▶ [WORK ITEM]:
Only the lines from the beginning of the entries through the one with "自治区党委 人民政府 关于营造更好发展环境支持民营企业高质量发展的实施意见" should be written out, please, exactly and without any pictures.

▶ [SUPPLIED INFORMATION]:
Segment Open

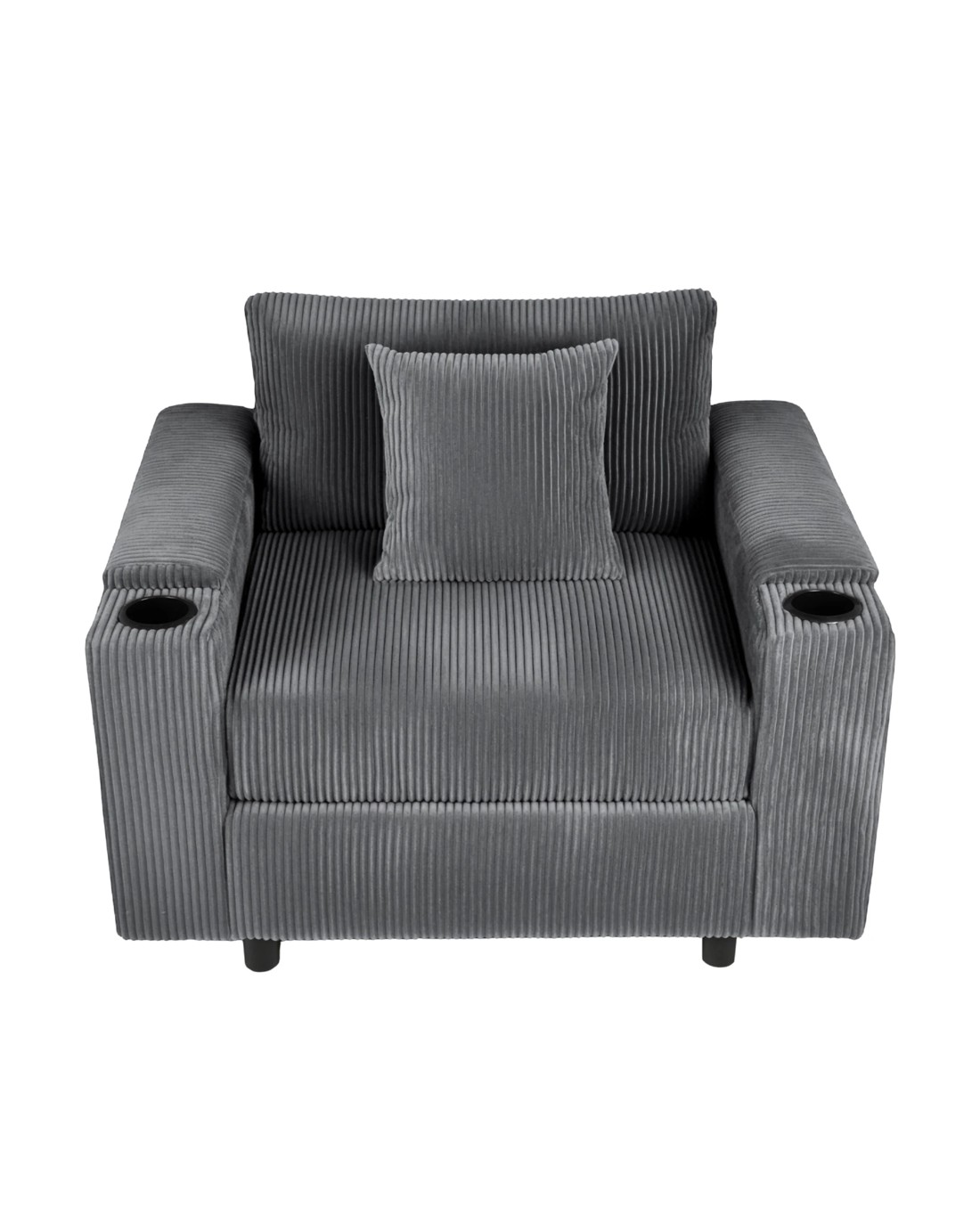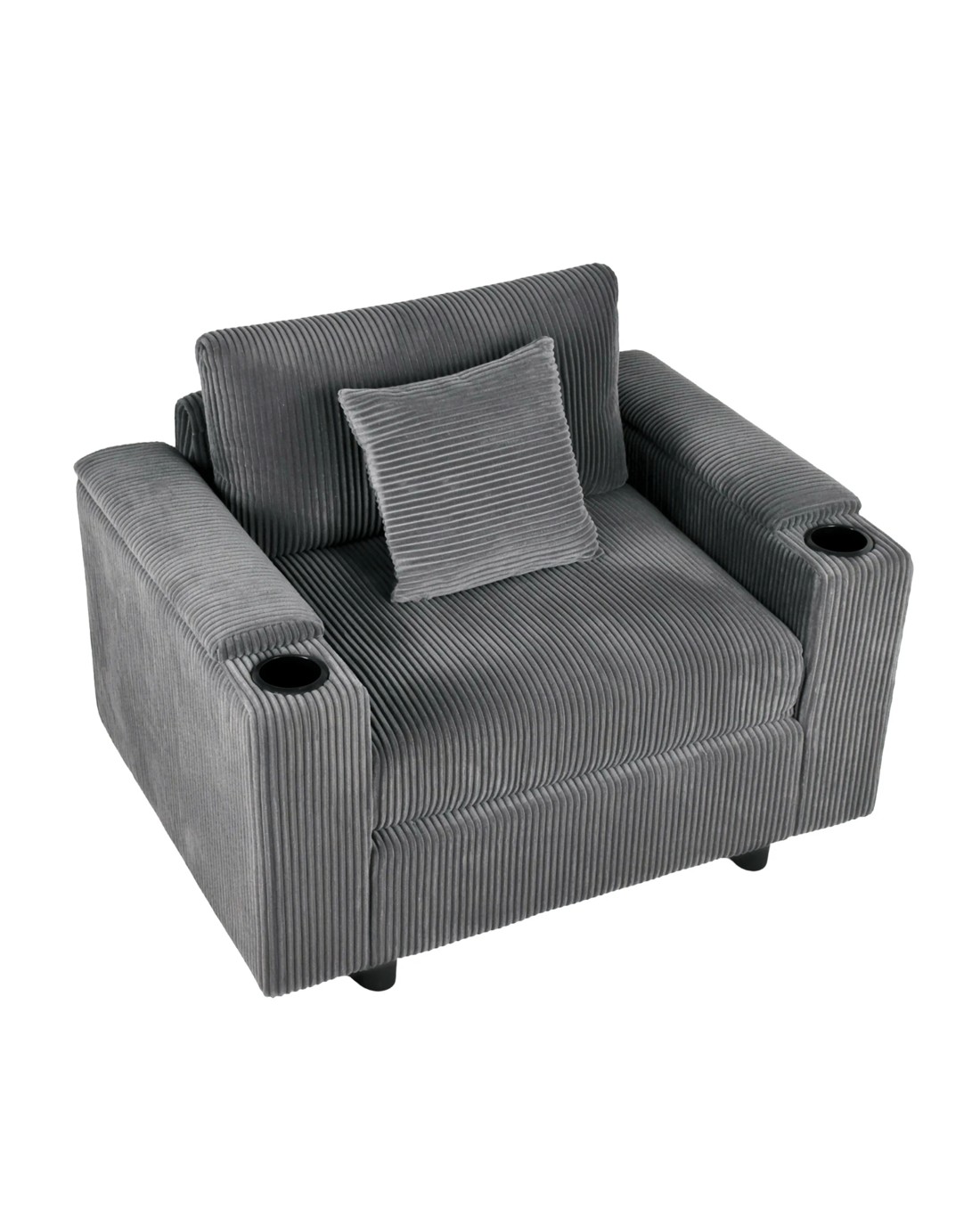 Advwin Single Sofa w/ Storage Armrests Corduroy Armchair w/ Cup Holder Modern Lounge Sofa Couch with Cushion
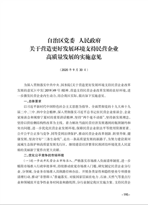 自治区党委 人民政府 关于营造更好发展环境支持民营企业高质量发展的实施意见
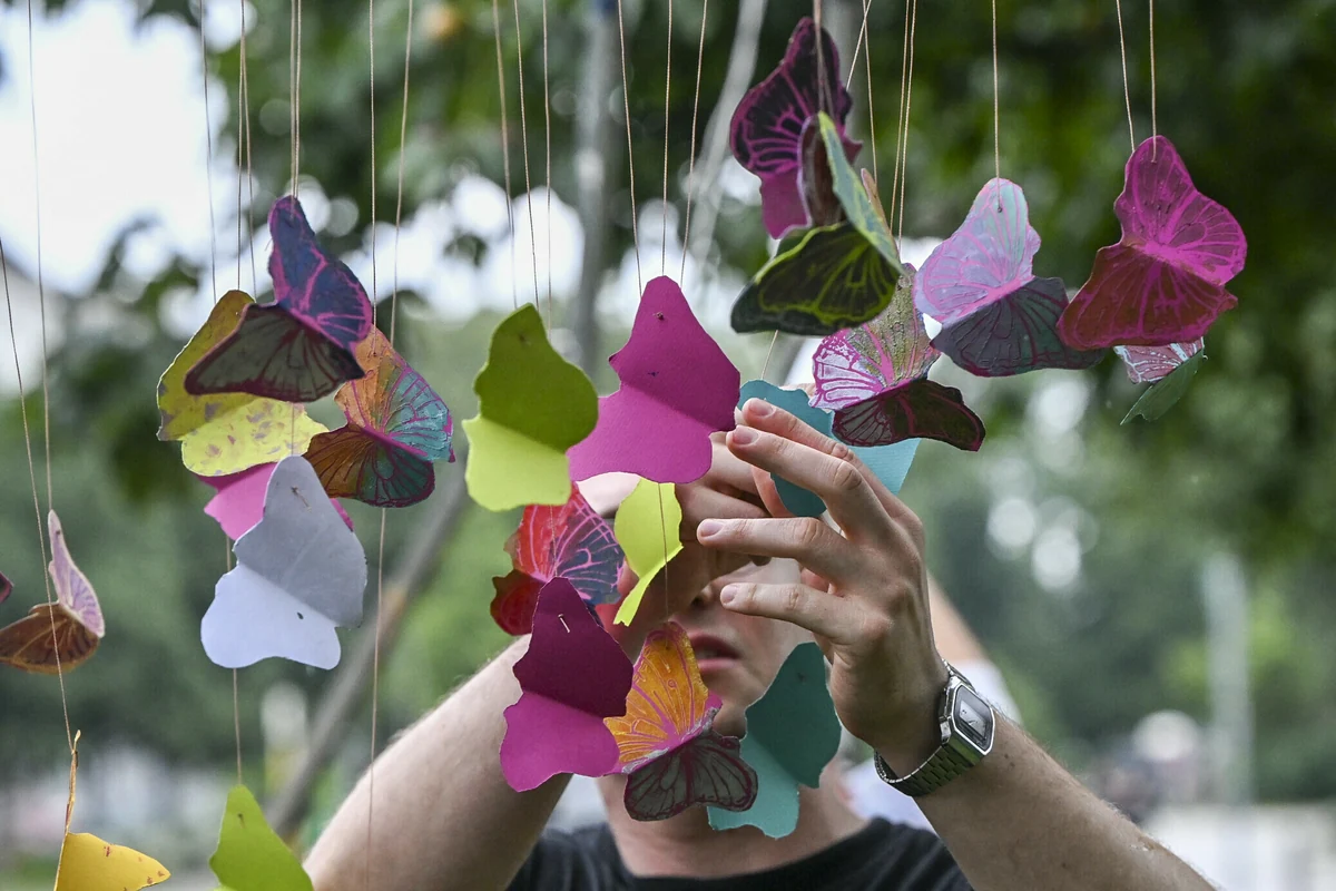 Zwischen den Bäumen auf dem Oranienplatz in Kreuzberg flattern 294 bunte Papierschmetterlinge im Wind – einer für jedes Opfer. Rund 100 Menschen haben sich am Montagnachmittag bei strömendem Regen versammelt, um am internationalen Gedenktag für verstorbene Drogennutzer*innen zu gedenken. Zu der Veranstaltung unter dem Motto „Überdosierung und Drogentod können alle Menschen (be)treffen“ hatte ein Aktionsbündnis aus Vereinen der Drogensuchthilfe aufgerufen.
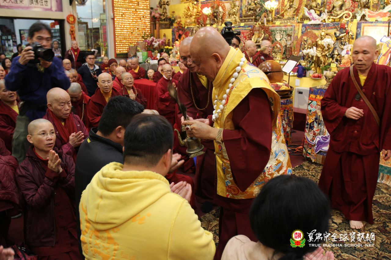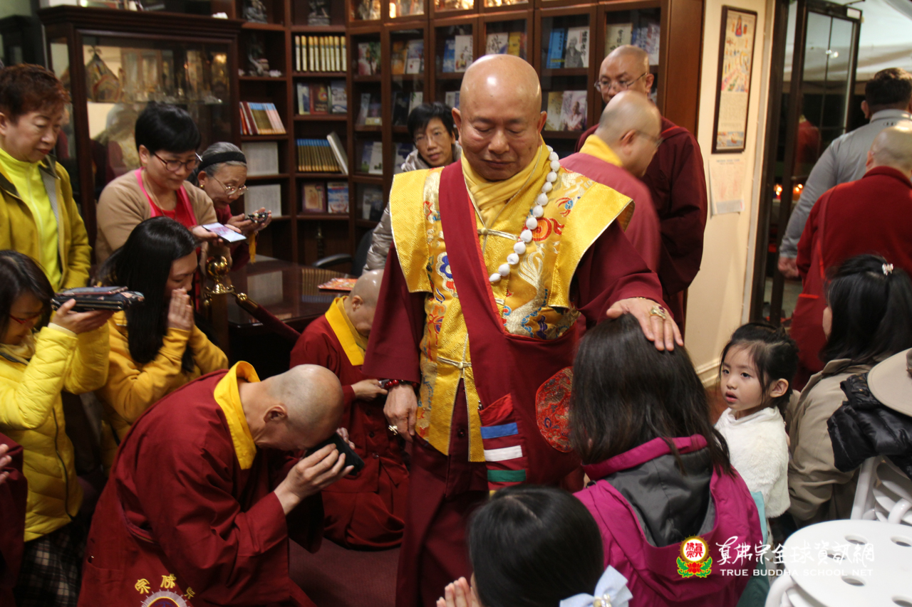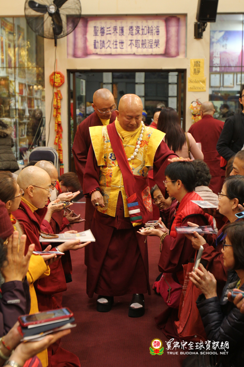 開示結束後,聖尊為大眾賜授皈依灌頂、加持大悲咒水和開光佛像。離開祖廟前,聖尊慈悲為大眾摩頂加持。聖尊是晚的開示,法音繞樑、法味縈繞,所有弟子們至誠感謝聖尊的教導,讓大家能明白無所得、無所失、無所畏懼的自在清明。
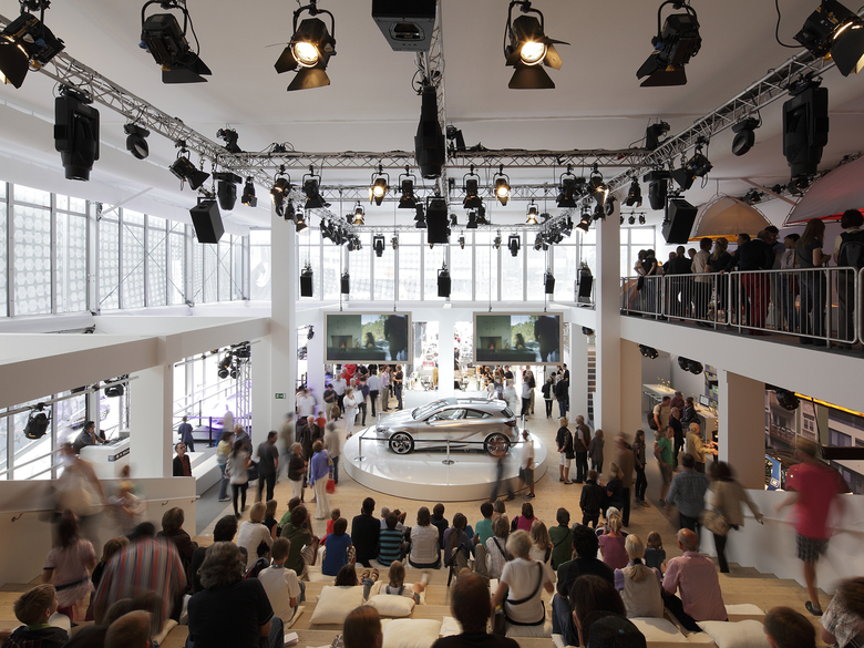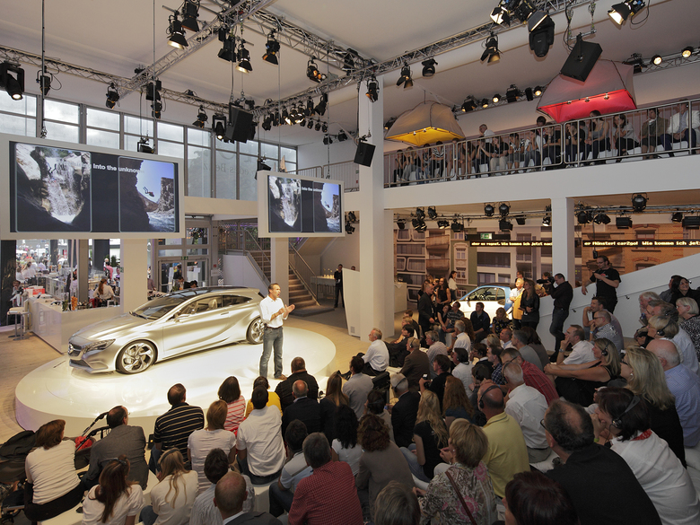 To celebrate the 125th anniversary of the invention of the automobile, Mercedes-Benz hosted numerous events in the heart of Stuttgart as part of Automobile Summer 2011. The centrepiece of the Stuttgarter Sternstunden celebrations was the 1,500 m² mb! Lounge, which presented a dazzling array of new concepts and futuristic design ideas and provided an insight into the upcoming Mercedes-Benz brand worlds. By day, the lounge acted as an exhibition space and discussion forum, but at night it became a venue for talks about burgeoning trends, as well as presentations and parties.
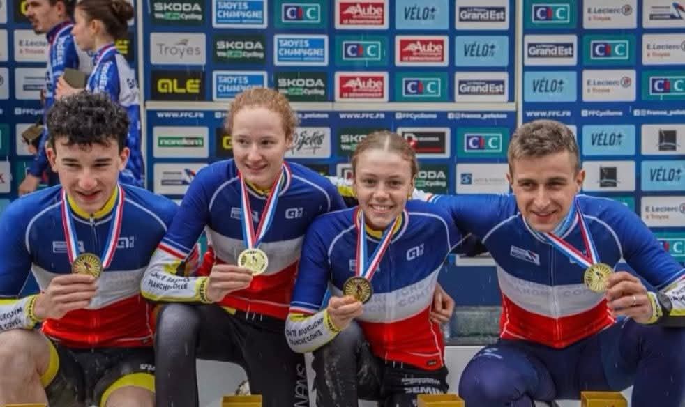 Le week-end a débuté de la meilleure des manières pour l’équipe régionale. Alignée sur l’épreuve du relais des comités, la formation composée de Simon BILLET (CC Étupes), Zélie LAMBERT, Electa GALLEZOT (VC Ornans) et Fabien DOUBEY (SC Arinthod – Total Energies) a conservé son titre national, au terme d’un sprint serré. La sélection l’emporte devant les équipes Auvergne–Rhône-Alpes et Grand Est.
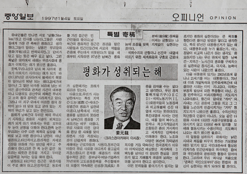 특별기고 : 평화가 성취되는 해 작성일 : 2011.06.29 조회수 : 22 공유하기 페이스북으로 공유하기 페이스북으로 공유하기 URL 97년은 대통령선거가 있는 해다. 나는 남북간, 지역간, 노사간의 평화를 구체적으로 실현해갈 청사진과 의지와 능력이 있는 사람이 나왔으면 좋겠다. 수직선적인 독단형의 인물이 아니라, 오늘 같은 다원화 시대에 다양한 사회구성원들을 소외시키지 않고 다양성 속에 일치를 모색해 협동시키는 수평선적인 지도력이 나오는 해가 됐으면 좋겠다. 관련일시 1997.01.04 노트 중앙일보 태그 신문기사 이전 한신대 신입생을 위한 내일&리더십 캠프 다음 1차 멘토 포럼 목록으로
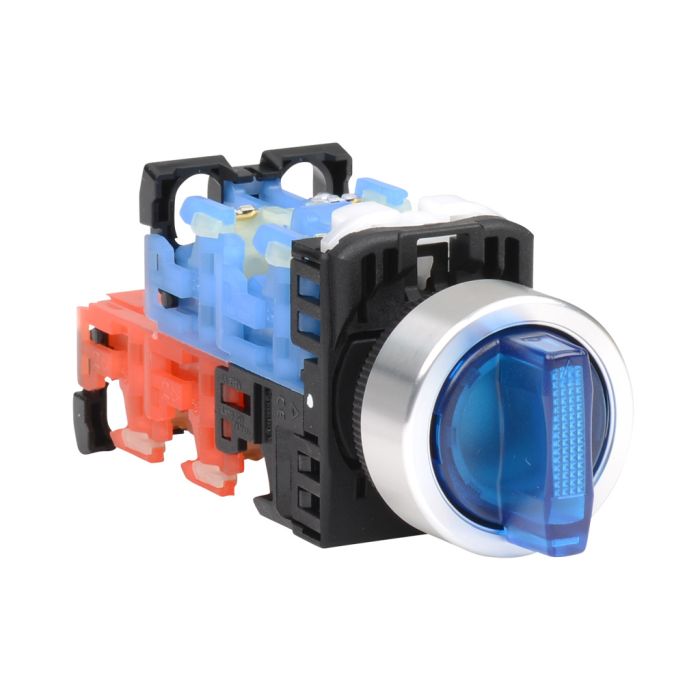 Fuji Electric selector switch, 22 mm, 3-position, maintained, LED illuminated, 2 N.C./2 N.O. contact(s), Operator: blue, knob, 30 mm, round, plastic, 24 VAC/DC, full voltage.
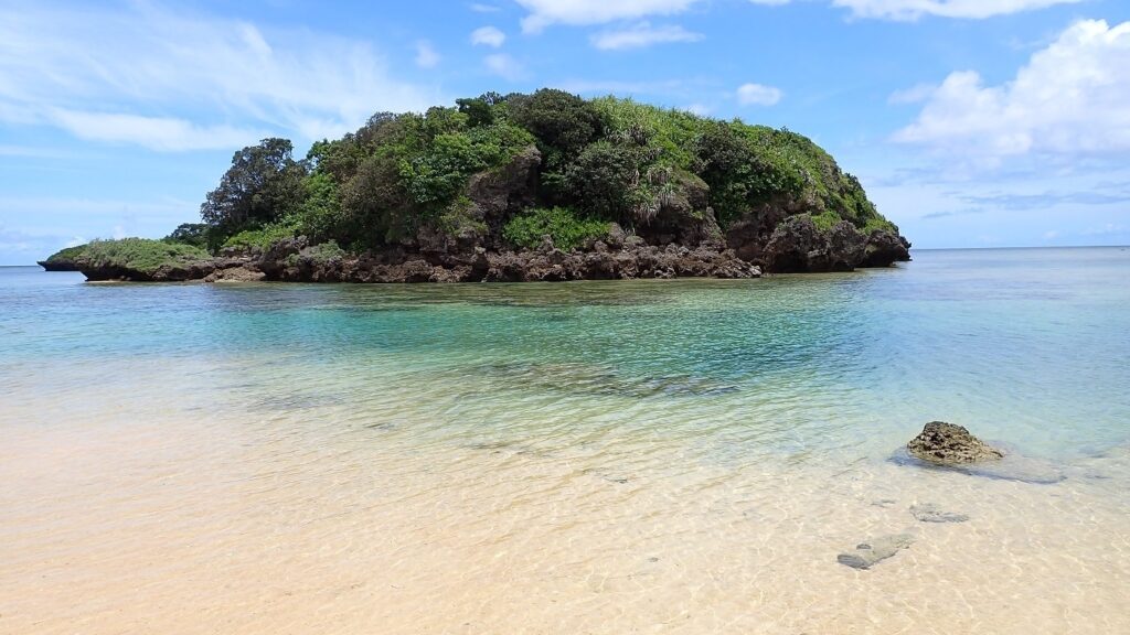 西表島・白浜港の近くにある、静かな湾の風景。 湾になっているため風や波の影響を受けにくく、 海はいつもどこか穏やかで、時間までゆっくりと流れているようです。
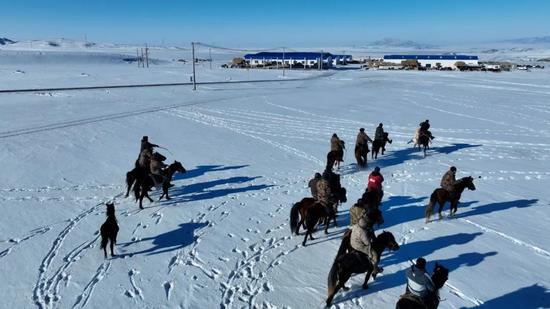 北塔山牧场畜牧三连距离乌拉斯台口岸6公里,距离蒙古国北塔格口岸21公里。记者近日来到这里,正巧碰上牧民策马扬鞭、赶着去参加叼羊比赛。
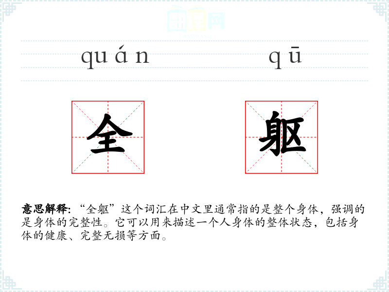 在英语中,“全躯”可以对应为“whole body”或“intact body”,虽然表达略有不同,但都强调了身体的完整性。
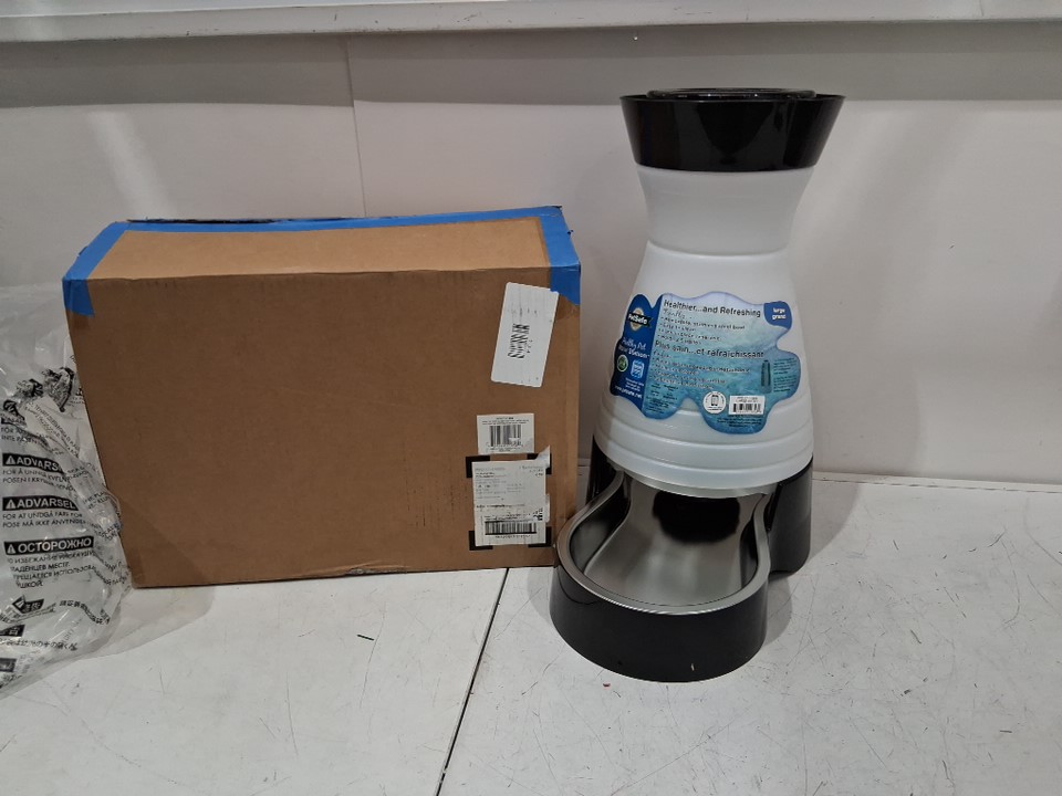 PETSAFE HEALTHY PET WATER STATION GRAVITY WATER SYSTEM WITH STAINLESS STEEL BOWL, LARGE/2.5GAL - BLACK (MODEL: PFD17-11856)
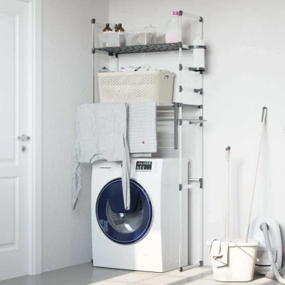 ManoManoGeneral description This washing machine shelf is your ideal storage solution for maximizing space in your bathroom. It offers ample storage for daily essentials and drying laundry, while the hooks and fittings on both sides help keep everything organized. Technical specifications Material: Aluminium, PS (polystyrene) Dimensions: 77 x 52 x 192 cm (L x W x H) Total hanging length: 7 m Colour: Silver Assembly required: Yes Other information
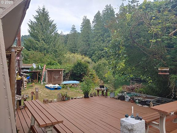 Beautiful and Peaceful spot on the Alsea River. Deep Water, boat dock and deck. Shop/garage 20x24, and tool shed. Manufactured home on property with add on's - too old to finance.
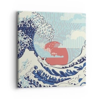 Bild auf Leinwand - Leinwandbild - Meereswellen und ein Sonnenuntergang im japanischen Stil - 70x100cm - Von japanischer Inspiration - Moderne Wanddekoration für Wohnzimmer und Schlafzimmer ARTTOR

Segment Closed

▶ [RESULT OF THIS TASK]:
 Advwin Single Sofa w/ Storage Armrests Corduroy Armchair w/ Cup Holder Modern Lounge Sofa Couch with Cushion
 自治区党委 人民政府 关于营造更好发展环境支持民营企业高质量发展的实施意见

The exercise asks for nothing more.